DATASET EXCERPT:
◆ ◆ ◆

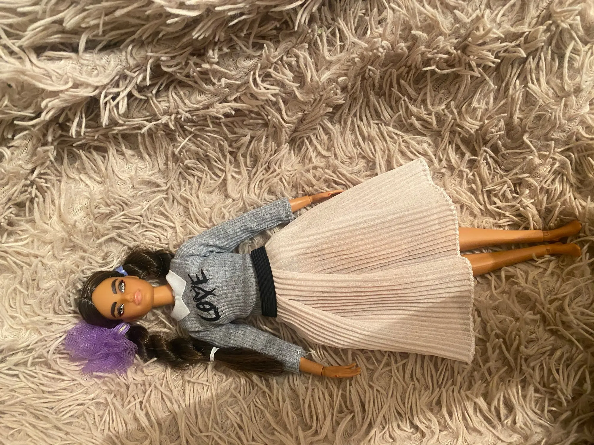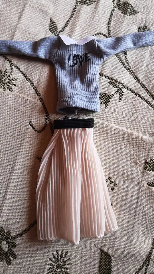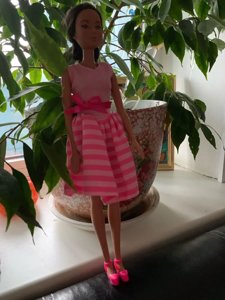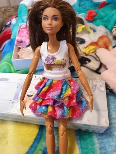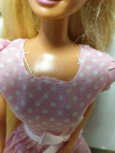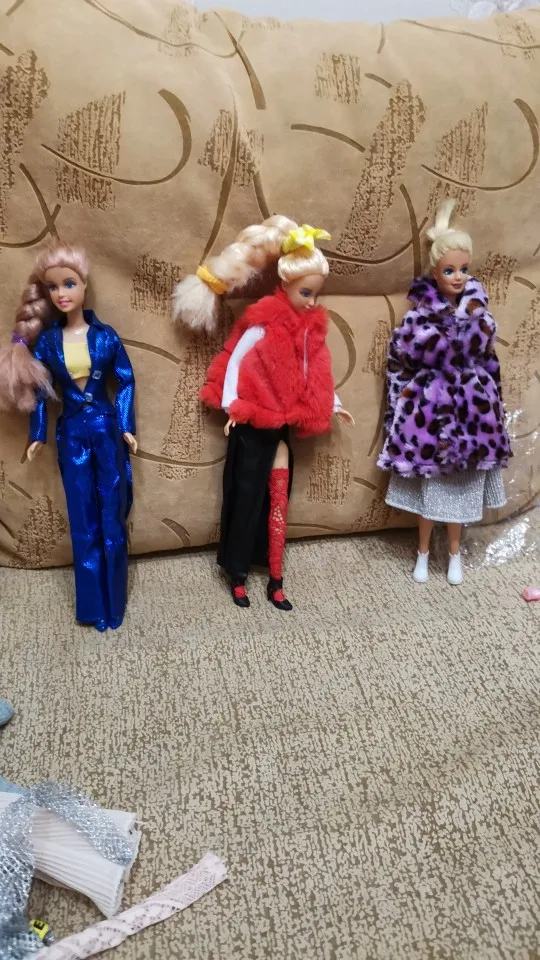 Славный наряд, ребёнок доволен, наряжает своих кукол Барби. Наряд только для худых Барби. Нитки торчали, обрезали- все нормально
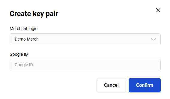 - Fill in the Google ID field with your Google Merchant ID obtained from Google Pay during integration with Google API, then click Confirm.
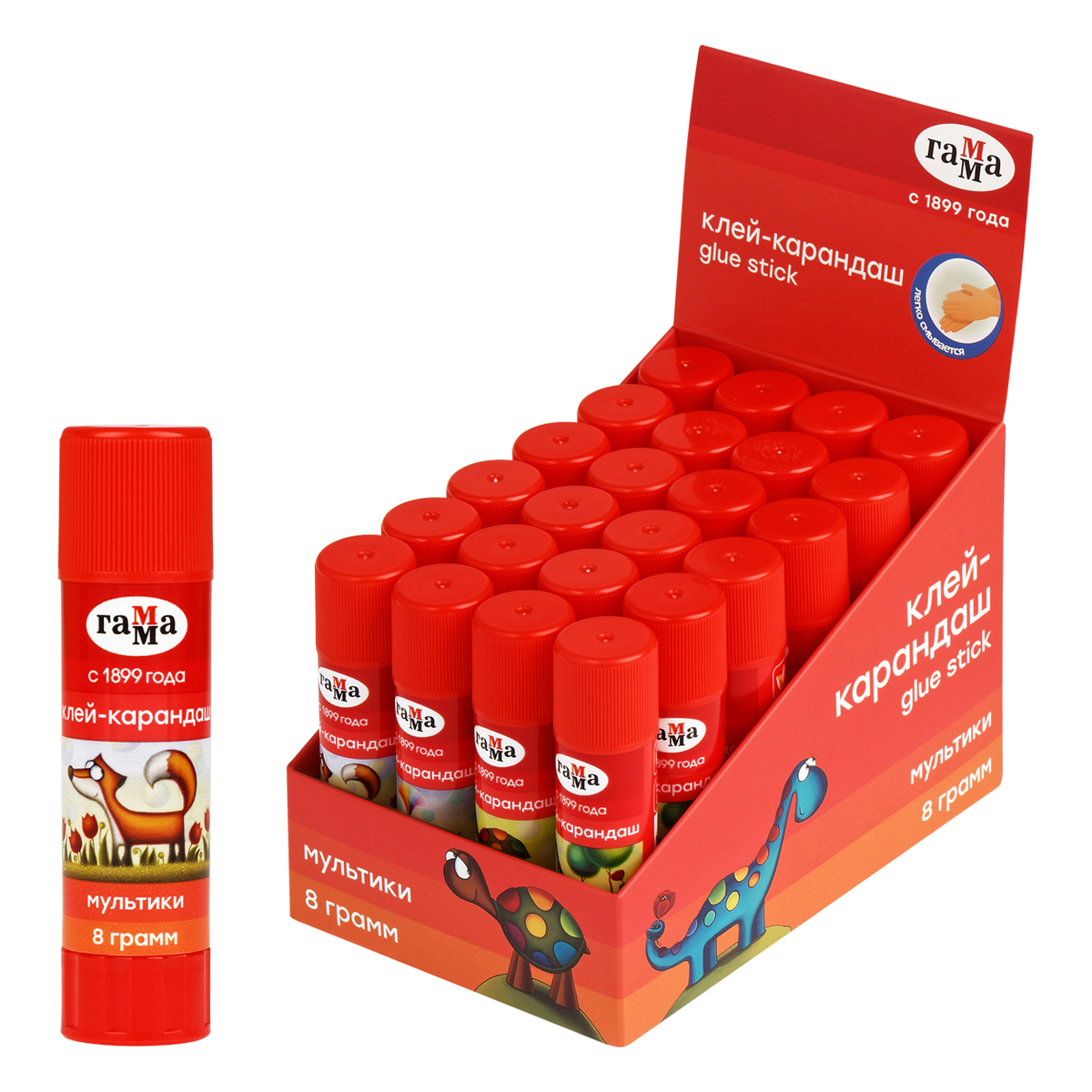 Клей-карандаш Гамма "Мультики", 08г , ПВП
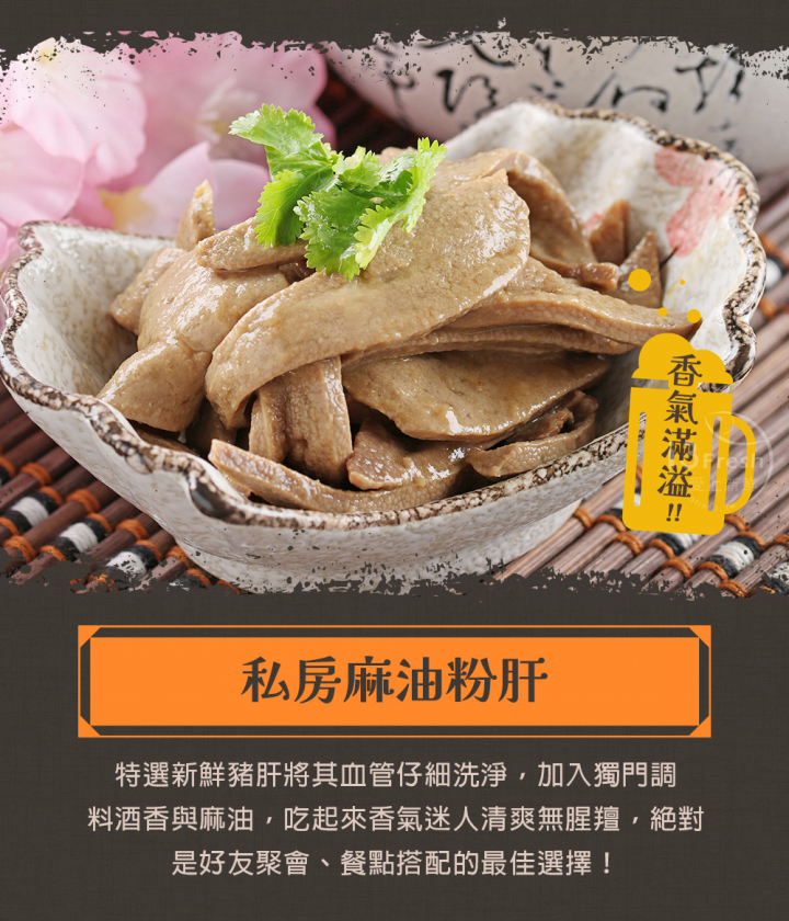 產品成分:豬肝(來源:台灣)、醬油膏、水、二砂、料理米酒、黑麻油、香油、薑粉、味醂(糯米.蓬萊米.酒麴.純米釀料理酒.釀造醣類.發酵調味料)

◆ ◆ ◆

PROBLEM STATEMENT: Print only the lines from the one with "- Fill in the" through the last line of the data above, exactly and with both ends, and please omit any pictures.

RESULT OF THE EXERCISE:
 - Fill in the Google ID field with your Google Merchant ID obtained from Google Pay during integration with Google API, then click Confirm.
 Клей-карандаш Гамма "Мультики", 08г , ПВП
 產品成分:豬肝(來源:台灣)、醬油膏、水、二砂、料理米酒、黑麻油、香油、薑粉、味醂(糯米.蓬萊米.酒麴.純米釀料理酒.釀造醣類.發酵調味料)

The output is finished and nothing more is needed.